ー運送会社の業務委託とは?メリット・デメリット、現状や開業準備もー
近年、運送業界で注目されている働き方に業務委託があります。
運送会社の業務委託ドライバーになると、雇用契約に比べて人間関係の悩みも少なく自由に働けるため、人気を集めています。
しかし「業務委託のドライバーは本当に稼げるの?」と、疑問に思う人もいるのではないでしょうか。
そこで今回は、業務委託のメリットとデメリット、現状や開業準備について解説していきます。
運送会社の業務委託とは
運送会社の業務委託とは、正社員やアルバイト・パートと雇用形態が異なり個人事業主として業務委託契約を結び、配送の仕事を受託することです。
ただし、業務委託ドライバーは、黒いナンバープレートの軽トラックやバイクを使用する軽貨物運送事業に限られています。
緑ナンバープレートの事業用自動車を使用する一般貨物自動車運送事業での業務委託は違法となるため、注意が必要です。
運送会社の業務委託メリット
それでは、気になる運送会社の業務委託のメリットについて解説していきます。
高収入が可能
業務委託ドライバーは、雇用されている正社員のように固定給とは違って歩合となるため、配送した分だけ報酬を得られます。

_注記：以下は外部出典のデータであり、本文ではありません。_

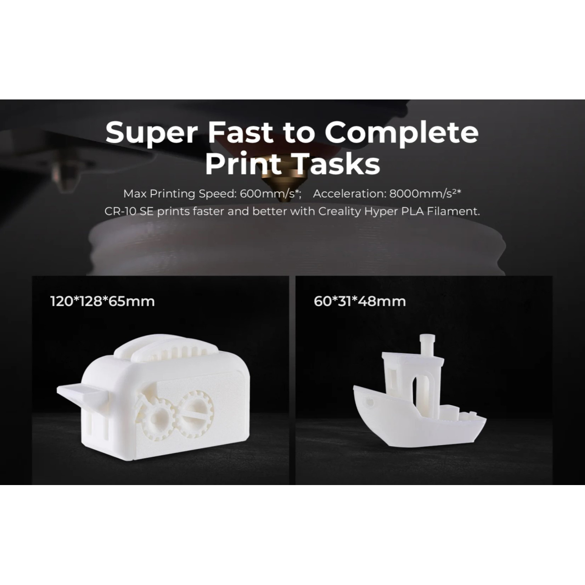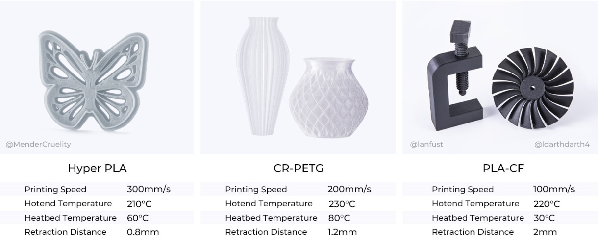 سرعت چاپ تا 600 میلیمتر بر ثانیه (تست شده با Hyper PLA)

そのため、働き方や仕事の内容によって高収入も可能です。
基本的に働き方は自由になりますが、報酬は時間が経つことで時給が発生するアルバイトやパートとは異なるため、自分の頑張り次第となります。
誰でも始めやすい
業務委託ドライバーは、運送会社の正社員とは違って年齢制限がなく、運送業の経験がなくても個人事業主として開業できるため誰でも始めやすいです。
また、普通自動車免許を取得していれば、学歴・性別・国籍は関係ありません。
業務委託では小口配送がメインのため、近年は女性ドライバーも増えています。
初期費用が少ない
業務委託ドライバーは、普通自動車免許と軽貨物車両1台あれば始められるため、個人事業主として開業する初期費用が少なく独立しやすいといえます。
さらに、新たに特殊な免許を取得する必要がないのもメリットです。
自由度が高い
業務委託ドライバーは個人事業主となるため、自分のペースで働くことが可能で自由度が高いといえます。
また、上司や部下という関係性がないため、人間関係の悩みやしがらみが少ないこともメリットとして挙げられます。
運送会社の業務委託デメリット
運送会社の業務委託には、メリットがあればデメリットもあります。次に、デメリットを解説していきます。
経費が自己負担
業務委託ドライバーのデメリットは、経費がすべて自己負担になることです。
経費には、ガソリン代・車両の維持費用・自賠責保険・任意保険などがあります。さらに会社員と違って、年金や健康保険などの保険関係も自己負担となります。
また、万が一事故が起きた場合も自ら処理をしなければなりません。
一人で気楽な反面、大変な問題も一人で行わなければならないことを覚えておきましょう。
仕事量が変わる
業務委託ドライバーの仕事量は、委託元の運送会社から仕事を請け負うため、委託元が抱えている仕事量により変動します。
そのため、委託元の運送会社次第で、安定的に仕事できるのか決まります。
支払いが遅くなる
業務委託ドライバーは、給与の支払い日が決められた会社員と違って、委託先によって支払日が異なります。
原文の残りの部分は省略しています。